17. The appellant's alternative case is that he meets the requirements set out in NA. He has never claimed to be anything other than a Ghanaian national. Furthermore, in his application form for a residence card he states that his original passport has been with the Secretary of State since 2008. The appellant's bundle before the First-tier Tribunal contained further evidence that both he and the sponsor were either Ghanaian nationals or had Ghanaian parents. That evidence included confirmation from the Ghanaian High Commission, which the judge rejected for inadequate reasons.
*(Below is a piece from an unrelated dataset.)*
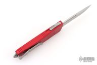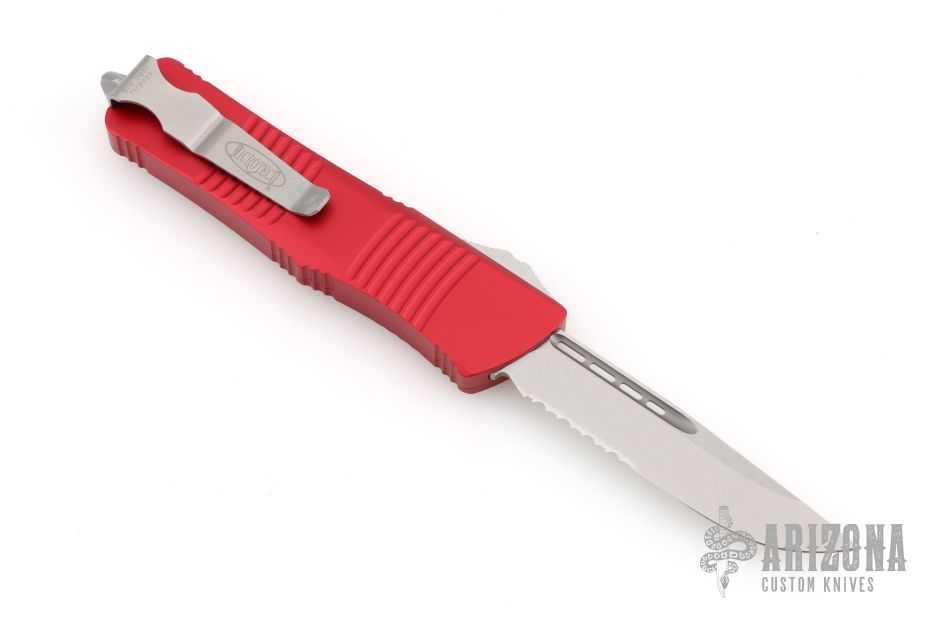 This Troodon OTF Automatic from Microtech features a stonewashed single edge partially serrated blade with fuller. The handle is comprised of red aluminum with a bead blasted stainless steel thumb slide, tip down clip and glass breaker. Dated 11/2022 with a S/N of 11607. Includes original box and papers. Excellent condition.

18. I have carefully considered whether the above-mentioned error is material given Mr Bramble's submissions to the effect that the sponsor could not show that she was a qualified person at the date of the hearing. The difficulty with that argument, is that the judge did not carry out a detailed consideration of the evidence before him as to the sponsor's position. There was only a passing reference to Regulation 6 and no consideration of the various Conditions set out therein. The brief consideration of the sponsor's qualification is woven around findings as to whether the parties were cohabiting. There appears to have been no separate assessment of her student status.
19. The sponsor's payslips and tax records for 2013-2016 were before the judge, as were documents from Student Finance, comprehensive health insurance policies and payslips for 2018. The evidence before the judge was that the sponsor had a work history, she had shown she was applying for jobs after graduating and that she had a job to start the day after the hearing. It is apparent that the judge failed to adequately consider all the relevant evidence before him regarding whether the sponsor was exercising Treaty rights. Furthermore, his brief findings were inadequate.
20. Having found that the judge erred in his assessment of whether the sponsor was a qualified person, it follows that the error regarding the validity of the marriage is a material error.

Decision

The making of the decision of the First-tier Tribunal involved the making of an error of on a point of law.

The decision of the First-tier Tribunal is set aside.

The appeal is remitted, de novo, to the First-tier Tribunal to be reheard at Taylor House, with a time estimate of 2 hours by any judge except First-tier Tribunal Judge Watson.